IR is associated with SCTox of either endogenous or exogenous origin. However, based on our findings of lower IS compared with the rest of the SCTox groups, the endogenous subclinical form might have an even larger metabolic impact.

Introduction

T he relationship between thyroid dysfunction and glucose homeostasis has long been studied, with overt thyrotoxicosis being the epitome of how impaired thyroid function can lead to IR. A clear example of this dysregulation in clinical practice is the worsening of glucose control in diabetics who become hyperthyroid (1). The main alterations advocated to explain this phenomenon include increased endogenous glucose output by the liver, both through a direct effect of T3 on gluconeogenesis (2) and also acting at the hypothalamus, increasing functionally reciprocal sympathetic and parasympathetic autonomic outputs to the liver (3).
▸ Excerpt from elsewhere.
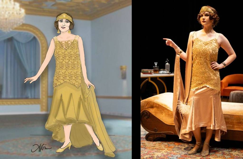 At left, Amalia Voiss’ rendering for one of the costumes in the play “Hay Fever.” At right, photographed by Sattva Photography, an actress wears the final result.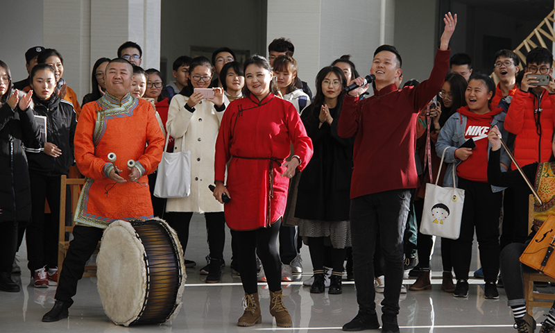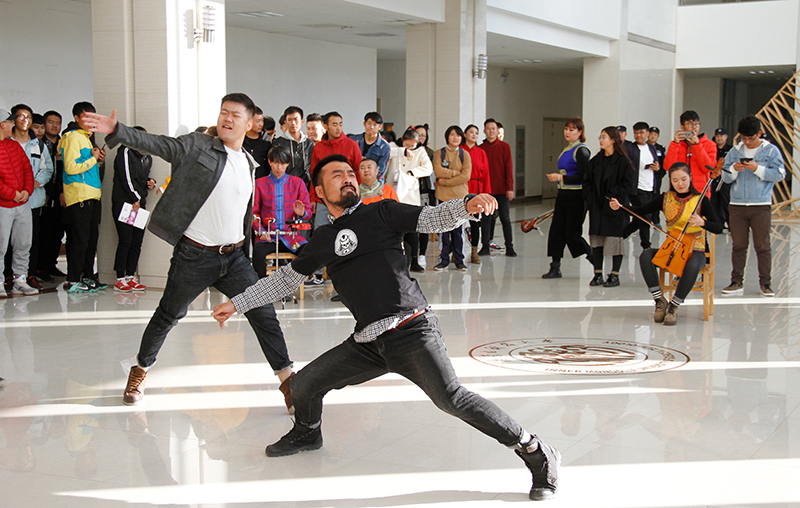 下午4点,当清脆的下课铃声响起,伟德源自英国始于1946逸夫楼一楼大厅响起了悠扬的蒙古族长调《辽阔的草原》,刚刚走出教室的学生纷纷被音乐声吸引。伴随着马头琴曲和蒙古长调,一位身着蒙古袍的少女来到场地中间翩翩起舞。随后,马头琴、二胡、三弦等乐器的乐手围坐一圈,拉起悠扬的曲调《鸿雁》,10多名小伙儿舞姿挺拔豪迈,步伐轻捷洒脱,场内顿时响起了学生们的阵阵掌声和尖叫声。舞罢,由4名身穿蒙古袍的歌手演唱的《草原晨曲》响彻全场,动人的歌声令在场学生陶醉其中。

Simultaneously, an impaired response to insulin stimulation of major intracellular pathways of glucose metabolism in peripheral tissues prevails (4). Although the pathophysiology behind peripheral IR has not been fully elucidated, a lower glucose extraction from serum in proportion to increased blood flow levels in overt hyperthyroid patients has been demonstrated (5). Moreover, it has been suggested that an increased secretion of IL6 and TNFα can be implicated in the IR found in peripheral tissues (6).
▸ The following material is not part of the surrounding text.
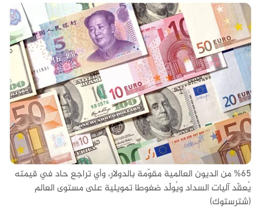 نحو 65% من الديون العالمية مقوّمة بالدولار، وأي تراجع حاد في قيمته يُعقّد آليات السداد ويُولّد ضغوطا تمويلية على مستوى العالم.

Subclinical thyrotoxicosis (SCTox) has been also associated with IR (7,8) in some but not all studies (9). Part of this controversy, despite a common biochemical definition, might lie in the heterogeneous nature of SCTox. Although suppressive thyroid-stimulating hormone (TSH) treatment with levothyroxine (L-T4) aimed at benign goiter shrinkage is of uncertain value, exogenous SCTox from this treatment is still frequently encountered. On the other hand, some differentiated thyroid cancer (DTC) patients do not have any alternative to L-T4 suppressive treatment. Further, the previously reported (10,11) positive relationship between DTC and IR may add to this lack of consensus. Finally, endogenous SCTox, resulting from longstanding autonomous nodular goiter or Graves' disease, also represents a potential source of IR with an unrecognized clinical impact.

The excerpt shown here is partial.